→ **About this task**:
Could each record be written out again exactly as it stands?

→ **Data to examine**:

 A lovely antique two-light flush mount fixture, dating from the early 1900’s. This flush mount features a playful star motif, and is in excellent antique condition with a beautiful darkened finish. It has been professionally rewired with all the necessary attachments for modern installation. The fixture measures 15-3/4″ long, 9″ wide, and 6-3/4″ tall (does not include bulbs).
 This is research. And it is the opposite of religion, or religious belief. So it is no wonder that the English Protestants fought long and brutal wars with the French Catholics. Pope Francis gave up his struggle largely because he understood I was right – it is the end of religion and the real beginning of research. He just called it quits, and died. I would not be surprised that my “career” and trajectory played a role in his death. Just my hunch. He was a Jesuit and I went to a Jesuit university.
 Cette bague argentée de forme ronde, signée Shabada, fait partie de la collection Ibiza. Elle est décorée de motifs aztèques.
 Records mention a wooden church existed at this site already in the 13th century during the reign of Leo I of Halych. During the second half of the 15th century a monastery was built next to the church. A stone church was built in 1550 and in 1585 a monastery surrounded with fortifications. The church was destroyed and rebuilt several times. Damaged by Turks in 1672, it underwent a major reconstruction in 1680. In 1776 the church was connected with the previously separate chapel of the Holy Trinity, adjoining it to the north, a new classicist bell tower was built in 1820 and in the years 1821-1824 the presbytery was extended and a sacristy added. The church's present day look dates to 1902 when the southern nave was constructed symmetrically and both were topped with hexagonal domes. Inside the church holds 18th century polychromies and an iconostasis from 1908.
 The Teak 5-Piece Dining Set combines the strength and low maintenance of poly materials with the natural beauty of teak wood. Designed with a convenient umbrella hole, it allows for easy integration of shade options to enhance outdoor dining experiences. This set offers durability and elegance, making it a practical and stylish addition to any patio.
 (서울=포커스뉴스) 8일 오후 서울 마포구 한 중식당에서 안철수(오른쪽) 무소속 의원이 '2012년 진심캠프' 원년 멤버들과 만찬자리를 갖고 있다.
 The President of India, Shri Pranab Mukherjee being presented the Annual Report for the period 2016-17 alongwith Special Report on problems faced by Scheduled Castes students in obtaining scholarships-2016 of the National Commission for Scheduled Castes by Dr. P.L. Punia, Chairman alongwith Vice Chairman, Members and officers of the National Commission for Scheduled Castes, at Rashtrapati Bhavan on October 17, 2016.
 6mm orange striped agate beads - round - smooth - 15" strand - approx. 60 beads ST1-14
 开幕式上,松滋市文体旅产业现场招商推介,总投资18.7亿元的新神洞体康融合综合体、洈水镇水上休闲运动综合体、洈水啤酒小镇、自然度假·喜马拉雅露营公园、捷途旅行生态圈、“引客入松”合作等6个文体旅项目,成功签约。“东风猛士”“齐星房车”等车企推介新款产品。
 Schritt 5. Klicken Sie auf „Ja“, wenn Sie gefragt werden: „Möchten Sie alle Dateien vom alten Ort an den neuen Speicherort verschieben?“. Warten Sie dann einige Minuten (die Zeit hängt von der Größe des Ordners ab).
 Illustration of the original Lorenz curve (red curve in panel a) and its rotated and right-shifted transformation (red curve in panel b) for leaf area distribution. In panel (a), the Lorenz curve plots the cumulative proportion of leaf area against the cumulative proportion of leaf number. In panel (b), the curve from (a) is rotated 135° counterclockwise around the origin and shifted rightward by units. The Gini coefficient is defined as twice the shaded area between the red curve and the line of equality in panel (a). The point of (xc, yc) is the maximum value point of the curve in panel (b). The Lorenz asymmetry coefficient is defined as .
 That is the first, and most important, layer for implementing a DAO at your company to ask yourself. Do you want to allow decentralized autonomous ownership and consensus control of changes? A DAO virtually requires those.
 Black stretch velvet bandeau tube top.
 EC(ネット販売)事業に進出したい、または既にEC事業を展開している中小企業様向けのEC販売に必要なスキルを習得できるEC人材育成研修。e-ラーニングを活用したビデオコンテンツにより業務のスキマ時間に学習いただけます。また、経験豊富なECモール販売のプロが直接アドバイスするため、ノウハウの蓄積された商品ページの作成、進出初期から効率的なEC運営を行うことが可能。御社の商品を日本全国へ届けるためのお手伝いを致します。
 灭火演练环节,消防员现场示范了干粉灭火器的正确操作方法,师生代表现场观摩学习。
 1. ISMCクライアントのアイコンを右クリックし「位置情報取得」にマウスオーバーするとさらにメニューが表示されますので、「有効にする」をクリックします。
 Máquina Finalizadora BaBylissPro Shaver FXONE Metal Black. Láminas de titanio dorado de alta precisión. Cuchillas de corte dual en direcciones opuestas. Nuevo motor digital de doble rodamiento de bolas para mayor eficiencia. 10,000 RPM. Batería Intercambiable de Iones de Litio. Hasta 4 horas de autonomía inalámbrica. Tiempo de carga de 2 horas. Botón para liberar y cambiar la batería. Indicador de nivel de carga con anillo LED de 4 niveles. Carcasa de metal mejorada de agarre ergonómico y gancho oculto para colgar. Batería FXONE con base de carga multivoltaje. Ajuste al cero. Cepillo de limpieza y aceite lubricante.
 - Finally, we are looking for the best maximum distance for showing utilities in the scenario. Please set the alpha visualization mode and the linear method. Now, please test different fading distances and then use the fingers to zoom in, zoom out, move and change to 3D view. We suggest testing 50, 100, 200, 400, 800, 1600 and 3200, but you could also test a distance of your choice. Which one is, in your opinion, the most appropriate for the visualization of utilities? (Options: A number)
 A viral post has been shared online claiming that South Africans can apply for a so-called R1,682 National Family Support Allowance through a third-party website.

→ **Problem solution**:
 A lovely antique two-light flush mount fixture, dating from the early 1900’s. This flush mount features a playful star motif, and is in excellent antique condition with a beautiful darkened finish. It has been professionally rewired with all the necessary attachments for modern installation. The fixture measures 15-3/4″ long, 9″ wide, and 6-3/4″ tall (does not include bulbs).
 This is research. And it is the opposite of religion, or religious belief. So it is no wonder that the English Protestants fought long and brutal wars with the French Catholics. Pope Francis gave up his struggle largely because he understood I was right – it is the end of religion and the real beginning of research. He just called it quits, and died. I would not be surprised that my “career” and trajectory played a role in his death. Just my hunch. He was a Jesuit and I went to a Jesuit university.
 Cette bague argentée de forme ronde, signée Shabada, fait partie de la collection Ibiza. Elle est décorée de motifs aztèques.
 Records mention a wooden church existed at this site already in the 13th century during the reign of Leo I of Halych. During the second half of the 15th century a monastery was built next to the church. A stone church was built in 1550 and in 1585 a monastery surrounded with fortifications. The church was destroyed and rebuilt several times. Damaged by Turks in 1672, it underwent a major reconstruction in 1680. In 1776 the church was connected with the previously separate chapel of the Holy Trinity, adjoining it to the north, a new classicist bell tower was built in 1820 and in the years 1821-1824 the presbytery was extended and a sacristy added. The church's present day look dates to 1902 when the southern nave was constructed symmetrically and both were topped with hexagonal domes. Inside the church holds 18th century polychromies and an iconostasis from 1908.
 The Teak 5-Piece Dining Set combines the strength and low maintenance of poly materials with the natural beauty of teak wood. Designed with a convenient umbrella hole, it allows for easy integration of shade options to enhance outdoor dining experiences. This set offers durability and elegance, making it a practical and stylish addition to any patio.
 (서울=포커스뉴스) 8일 오후 서울 마포구 한 중식당에서 안철수(오른쪽) 무소속 의원이 '2012년 진심캠프' 원년 멤버들과 만찬자리를 갖고 있다.
 The President of India, Shri Pranab Mukherjee being presented the Annual Report for the period 2016-17 alongwith Special Report on problems faced by Scheduled Castes students in obtaining scholarships-2016 of the National Commission for Scheduled Castes by Dr. P.L. Punia, Chairman alongwith Vice Chairman, Members and officers of the National Commission for Scheduled Castes, at Rashtrapati Bhavan on October 17, 2016.
 6mm orange striped agate beads - round - smooth - 15" strand - approx. 60 beads ST1-14
 开幕式上,松滋市文体旅产业现场招商推介,总投资18.7亿元的新神洞体康融合综合体、洈水镇水上休闲运动综合体、洈水啤酒小镇、自然度假·喜马拉雅露营公园、捷途旅行生态圈、“引客入松”合作等6个文体旅项目,成功签约。“东风猛士”“齐星房车”等车企推介新款产品。
 Schritt 5. Klicken Sie auf „Ja“, wenn Sie gefragt werden: „Möchten Sie alle Dateien vom alten Ort an den neuen Speicherort verschieben?“. Warten Sie dann einige Minuten (die Zeit hängt von der Größe des Ordners ab).
 Illustration of the original Lorenz curve (red curve in panel a) and its rotated and right-shifted transformation (red curve in panel b) for leaf area distribution. In panel (a), the Lorenz curve plots the cumulative proportion of leaf area against the cumulative proportion of leaf number. In panel (b), the curve from (a) is rotated 135° counterclockwise around the origin and shifted rightward by units. The Gini coefficient is defined as twice the shaded area between the red curve and the line of equality in panel (a). The point of (xc, yc) is the maximum value point of the curve in panel (b). The Lorenz asymmetry coefficient is defined as .
 That is the first, and most important, layer for implementing a DAO at your company to ask yourself. Do you want to allow decentralized autonomous ownership and consensus control of changes? A DAO virtually requires those.
 Black stretch velvet bandeau tube top.
 EC(ネット販売)事業に進出したい、または既にEC事業を展開している中小企業様向けのEC販売に必要なスキルを習得できるEC人材育成研修。e-ラーニングを活用したビデオコンテンツにより業務のスキマ時間に学習いただけます。また、経験豊富なECモール販売のプロが直接アドバイスするため、ノウハウの蓄積された商品ページの作成、進出初期から効率的なEC運営を行うことが可能。御社の商品を日本全国へ届けるためのお手伝いを致します。
 灭火演练环节,消防员现场示范了干粉灭火器的正确操作方法,师生代表现场观摩学习。
 1. ISMCクライアントのアイコンを右クリックし「位置情報取得」にマウスオーバーするとさらにメニューが表示されますので、「有効にする」をクリックします。
 Máquina Finalizadora BaBylissPro Shaver FXONE Metal Black. Láminas de titanio dorado de alta precisión. Cuchillas de corte dual en direcciones opuestas. Nuevo motor digital de doble rodamiento de bolas para mayor eficiencia. 10,000 RPM. Batería Intercambiable de Iones de Litio. Hasta 4 horas de autonomía inalámbrica. Tiempo de carga de 2 horas. Botón para liberar y cambiar la batería. Indicador de nivel de carga con anillo LED de 4 niveles. Carcasa de metal mejorada de agarre ergonómico y gancho oculto para colgar. Batería FXONE con base de carga multivoltaje. Ajuste al cero. Cepillo de limpieza y aceite lubricante.
 - Finally, we are looking for the best maximum distance for showing utilities in the scenario. Please set the alpha visualization mode and the linear method. Now, please test different fading distances and then use the fingers to zoom in, zoom out, move and change to 3D view. We suggest testing 50, 100, 200, 400, 800, 1600 and 3200, but you could also test a distance of your choice. Which one is, in your opinion, the most appropriate for the visualization of utilities? (Options: A number)
 A viral post has been shared online claiming that South Africans can apply for a so-called R1,682 National Family Support Allowance through a third-party website.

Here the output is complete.